The Virginian-Pilot
                             THE VIRGINIAN-PILOT 
              Copyright (c) 1996, Landmark Communications, Inc.

DATE: Sunday, April 7, 1996                  TAG: 9604050234
SECTION: CHESAPEAKE CLIPPER       PAGE: 02   EDITION: FINAL 
COLUMN: Random Rambles 
SOURCE: Tony Stein 
                                             LENGTH: Medium:   84 lines

DEDICATION OF SCHOOL'S NEW WING WAS A CLASSY, NOSTALGIC PERFORMANCE

If I said the recent dedication of the new wing of B.M. Williams Primary School was a classy program, you would figure I was making another of the rotten puns I am addicted to.

Truth, not pun. It was indeed a classy program with a nod to yesterday, today and tomorrow. The yesterday was 1957, when the school, named for a school board chairman, opened its door. The new wing added 30,000 square feet, including a computer room, an art lab and a new library. Inflationary note: the original school cost $575,000. The addition cost $3.3 million.

Dr. Patricia Powers, principal of the school, took us on a quick verbal ride back to 1957. ``Wonderful year, wonderful era as far as public school education was concerned,'' she said.
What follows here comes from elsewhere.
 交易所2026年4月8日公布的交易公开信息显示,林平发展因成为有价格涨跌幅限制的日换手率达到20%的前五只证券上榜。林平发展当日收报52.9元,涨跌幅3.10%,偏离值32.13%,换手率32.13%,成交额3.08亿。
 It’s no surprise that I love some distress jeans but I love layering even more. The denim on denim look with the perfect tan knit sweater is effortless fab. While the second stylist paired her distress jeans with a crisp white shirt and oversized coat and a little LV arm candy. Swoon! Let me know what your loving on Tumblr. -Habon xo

The big news that year was Sputnik, the Soviet satellite, and Elvis. Sputnik sparked a new emphasis on education. Elvis, Powers said, had kids dancing and parents protesting.
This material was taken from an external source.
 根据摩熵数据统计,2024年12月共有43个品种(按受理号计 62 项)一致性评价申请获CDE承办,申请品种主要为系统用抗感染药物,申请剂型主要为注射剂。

In the 1957 classrooms at B.M. Williams, the basics were the much-revered Three Rs. They're still basic, but now it's Three Rs and one CT for computer technology. Teaching methods have changed, too, Powers said, and the proof was an absolute hoot of a performance by kids in the first grade classes taught by Becky Jacobs and Betty Smith.
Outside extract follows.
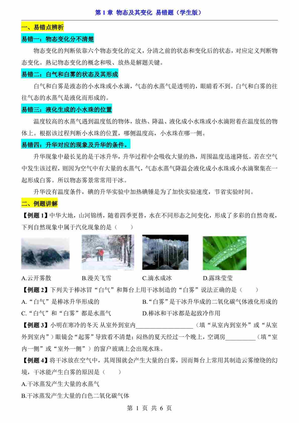 第1章 物态及其变化(易错题)

Out came the kids in two groups. One group was yesterday, boys in white shirts and red bow ties, girls in best bib and tucker. They sang ``The Alphabet Song'' most of us remember. Very nice but very formal. Then the kids in the other group, who had their backs to the audience, turned around. They were today. Very much today.

They were a rainbow of colors in sweats and T-shirts and bright britches. They were an art gallery of lively sweater designs. And they were outstandingly cool in sunglasses that wrapped around each young face.

Up stepped a sturdy little guy in a sweatshirt that sported a gaudy 4x4 monster truck legend. He was the boss singer, leading his side like a Marine drill instructor calling out the chant to a snappy platoon on parade. This was ``The Alphabet Song'' with an attitude. The sights and sounds these kids were growing up with had become an educational tool.

Next came a talk by Evelyn Reel, retired after a 41-year career as teacher, supervisor and administrator in Norfolk County and Chesapeake schools. She had a little history lesson to give.

She told how Thomas Jefferson (you feel like saying, ``Of course!'') introduced a bill to establish a public school system in Virginia in 1779. It failed, but he tried again in 1796. This time it passed.

After the history came Reel's admonition for the assembled parents: ``Teach your children to love this school and to do what they are here to do - to learn.''

Then School Board Member Tom Bray recalled being a student at B.M. Williams back in the early 1960s. Battlefield Boulevard was called Great Bridge Road in those days, he said, and you could only wear shorts to school on field days.

He had another memory, too. It was of how a big kid at a bus stop used to stomp his lunch every morning. Bray said he had thought about accusing School Board Chairman Maury Brickhouse of being the stomper, but Brickhouse told him that wouldn't have been accurate. ``I wouldn't have stomped your lunch,'' said the mildly chunky Brickhouse. ``I would have eaten it.''

The ``today'' look at the school came from two first-graders, Sara Ruthven and William Johnson III. William is the grandson of a former Chesapeake assistant superintendent. The poem they read together had lines that went like this:

We have a lab with computers, all brand new.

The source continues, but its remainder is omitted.